How could I come! Why did I! But I couldn’t
keep away! I tried to stay in the mountains.
But I couldn’t. Something dragged me day
and night. Nobody knows I am here!” She
got up and looked about her again. “I have
never been in here since I went out with her,”
she said. “They would not let me come back.
They said it would kill me. And now I have come—and
everything is here—all the things we lived
with—and she is millions and millions—and
millions of miles away!”
“Who—who—was
it?” Jane asked timidly in a low voice.
“It was my little girl,”
the poor young beauty said. “It was my
little Andrea. Her portrait is in the library.”
Jane began to tremble somewhat herself.
“That—?” she began—and
ended: “She is dead?”
Mrs. Haldon had dragged herself almost
as if unconsciously to the stairs. She leaned
against the newel post and her face dropped upon her
hand.
“Oh! I don’t know!”
she cried. “I cannot believe it. How
could it be? She was playing in her nursery—laughing
and playing—and she ran into the next room
to show me a flower—and as she looked up
at me—laughing, I tell you—laughing—she
sank slowly down on her knees—and the flower
fell out of her hand quietly—and everything
went out of her face—everything was gone
away from her, and there was never anything more—never!”
Jane Foster’s hand had crept
up to her throat. She did not know what made
her cold.
“My little girl—” she began,
“her name is Judith—”
“Where is she?” said Mrs.
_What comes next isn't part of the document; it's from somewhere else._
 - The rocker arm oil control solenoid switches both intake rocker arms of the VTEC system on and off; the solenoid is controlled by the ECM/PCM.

Haldon in a
breathless way.
“She is up-stairs,” Jane
answered slowly. “She goes—into
that back room—on the fourth floor—”
Mrs. Haldon turned upon her with wide eyes.
“It is locked!” she said.
“They put everything away. I have the key.”
“The door opens for her,”
said Jane. “She goes to play with a little
girl—who comes to her. I think she
comes over the roof from the next house.”
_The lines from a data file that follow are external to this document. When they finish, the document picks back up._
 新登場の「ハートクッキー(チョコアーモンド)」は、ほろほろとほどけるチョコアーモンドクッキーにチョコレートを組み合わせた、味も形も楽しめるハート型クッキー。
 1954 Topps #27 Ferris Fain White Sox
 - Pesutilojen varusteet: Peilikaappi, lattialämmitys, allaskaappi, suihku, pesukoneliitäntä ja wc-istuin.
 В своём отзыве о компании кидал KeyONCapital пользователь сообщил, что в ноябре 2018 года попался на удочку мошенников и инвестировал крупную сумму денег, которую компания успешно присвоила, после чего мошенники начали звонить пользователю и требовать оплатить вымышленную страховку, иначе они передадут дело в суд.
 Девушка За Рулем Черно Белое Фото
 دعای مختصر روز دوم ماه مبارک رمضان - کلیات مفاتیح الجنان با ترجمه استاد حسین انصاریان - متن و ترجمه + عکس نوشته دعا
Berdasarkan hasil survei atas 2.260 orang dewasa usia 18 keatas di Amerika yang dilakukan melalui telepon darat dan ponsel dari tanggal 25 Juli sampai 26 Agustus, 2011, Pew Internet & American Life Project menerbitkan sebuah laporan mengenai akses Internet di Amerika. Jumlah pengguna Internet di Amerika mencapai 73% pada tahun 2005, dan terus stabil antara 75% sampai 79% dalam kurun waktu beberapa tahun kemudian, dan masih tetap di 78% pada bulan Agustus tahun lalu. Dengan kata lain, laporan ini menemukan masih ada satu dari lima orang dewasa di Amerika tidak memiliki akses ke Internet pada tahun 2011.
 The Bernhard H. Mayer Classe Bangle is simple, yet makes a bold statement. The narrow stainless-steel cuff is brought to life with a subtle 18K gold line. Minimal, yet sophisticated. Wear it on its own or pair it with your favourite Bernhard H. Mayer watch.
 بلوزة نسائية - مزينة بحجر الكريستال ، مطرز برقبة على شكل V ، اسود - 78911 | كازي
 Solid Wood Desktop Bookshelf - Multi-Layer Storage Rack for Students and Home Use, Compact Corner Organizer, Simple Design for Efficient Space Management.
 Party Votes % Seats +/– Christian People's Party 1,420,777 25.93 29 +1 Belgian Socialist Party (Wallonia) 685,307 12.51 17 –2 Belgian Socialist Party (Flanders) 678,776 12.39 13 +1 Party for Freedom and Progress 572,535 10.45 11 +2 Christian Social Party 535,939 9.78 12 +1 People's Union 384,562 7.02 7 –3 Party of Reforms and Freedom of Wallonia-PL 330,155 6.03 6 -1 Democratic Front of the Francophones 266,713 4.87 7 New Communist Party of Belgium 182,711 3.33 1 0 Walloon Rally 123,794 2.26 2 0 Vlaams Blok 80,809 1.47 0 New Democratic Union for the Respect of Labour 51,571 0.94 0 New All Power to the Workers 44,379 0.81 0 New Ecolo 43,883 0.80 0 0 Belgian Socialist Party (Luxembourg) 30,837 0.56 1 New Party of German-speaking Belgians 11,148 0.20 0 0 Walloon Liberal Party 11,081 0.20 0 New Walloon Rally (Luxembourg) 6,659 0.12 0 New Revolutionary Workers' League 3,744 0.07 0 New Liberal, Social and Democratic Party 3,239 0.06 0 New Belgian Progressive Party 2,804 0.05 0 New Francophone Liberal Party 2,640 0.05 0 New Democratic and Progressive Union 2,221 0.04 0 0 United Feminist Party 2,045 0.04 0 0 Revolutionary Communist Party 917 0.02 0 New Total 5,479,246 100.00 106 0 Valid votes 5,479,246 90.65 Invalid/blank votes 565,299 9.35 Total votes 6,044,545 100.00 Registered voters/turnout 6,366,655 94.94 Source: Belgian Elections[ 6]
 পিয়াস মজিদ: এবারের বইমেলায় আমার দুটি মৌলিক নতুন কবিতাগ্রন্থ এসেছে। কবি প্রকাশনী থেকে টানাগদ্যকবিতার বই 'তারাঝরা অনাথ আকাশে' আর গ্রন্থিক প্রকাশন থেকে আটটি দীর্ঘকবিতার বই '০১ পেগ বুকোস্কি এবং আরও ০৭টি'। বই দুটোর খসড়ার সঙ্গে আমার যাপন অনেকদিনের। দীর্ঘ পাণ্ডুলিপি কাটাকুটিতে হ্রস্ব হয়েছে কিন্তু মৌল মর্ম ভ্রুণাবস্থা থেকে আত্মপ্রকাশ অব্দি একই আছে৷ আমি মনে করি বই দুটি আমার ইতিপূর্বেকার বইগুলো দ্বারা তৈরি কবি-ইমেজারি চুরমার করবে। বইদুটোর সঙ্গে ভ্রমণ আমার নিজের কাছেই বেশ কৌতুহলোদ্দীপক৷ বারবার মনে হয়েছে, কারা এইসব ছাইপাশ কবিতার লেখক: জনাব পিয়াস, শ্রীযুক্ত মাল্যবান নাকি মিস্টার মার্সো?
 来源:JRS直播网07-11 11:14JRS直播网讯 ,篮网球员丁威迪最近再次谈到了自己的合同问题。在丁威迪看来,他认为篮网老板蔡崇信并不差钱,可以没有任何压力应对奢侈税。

“There is no child there!”
Mrs. Haldon shuddered. But it was not with horror.
There was actually a wild dawning bliss in her face.
“What is she like?”
“She is like the picture.”
Jane scarcely knew her own monotonous voice.
The world of real things was being withdrawn from her
and she was standing without its pale—alone
with this woman and her wild eyes. She began
to shiver because her warm blood was growing cold.
“She is a child with red hair—and
there is a deep dimple near her mouth. Judith
told me. You must not touch her.”
She heard a wild gasp—a
flash of something at once anguish and rapture blazed
across the haggard, young face—and with
a swerving as if her slight body had been swept round
by a sudden great wind, Mrs. Haldon turned and fled
up the stairs.
Jane Foster followed. The great
wind swept her upward too. She remembered no
single intake or outlet of breath until she was upon
the fourth floor.
The door of the Closed Room stood
wide open and Mrs. Haldon was swept within.
Jane Foster saw her stand in the middle
of the room a second, a tall, swaying figure.
She whirled to look about her and flung up her arms
with an unearthly rapturous, whispered cry:
“It is all as she left it when
she ran to me and fell. She has been here—to
show me it is not so far!”
She sank slowly upon her knees, wild
happiness in her face—wild tears pouring
down it.
“She has seen her!” And
she stretched forth yearning arms towards the little
figure of Judith, who lay quiet upon the sofa in the
corner. “Your little girl has seen her—and
I dare not waken her. She is asleep.”
Jane stood by the sofa—looking
down. When she bent and touched the child the
stillness of the room seemed to have got into her
blood.
“No,” she said, quivering,
but with a strange simplicity. “No! not
asleep! It was this way with her Aunt Hester.”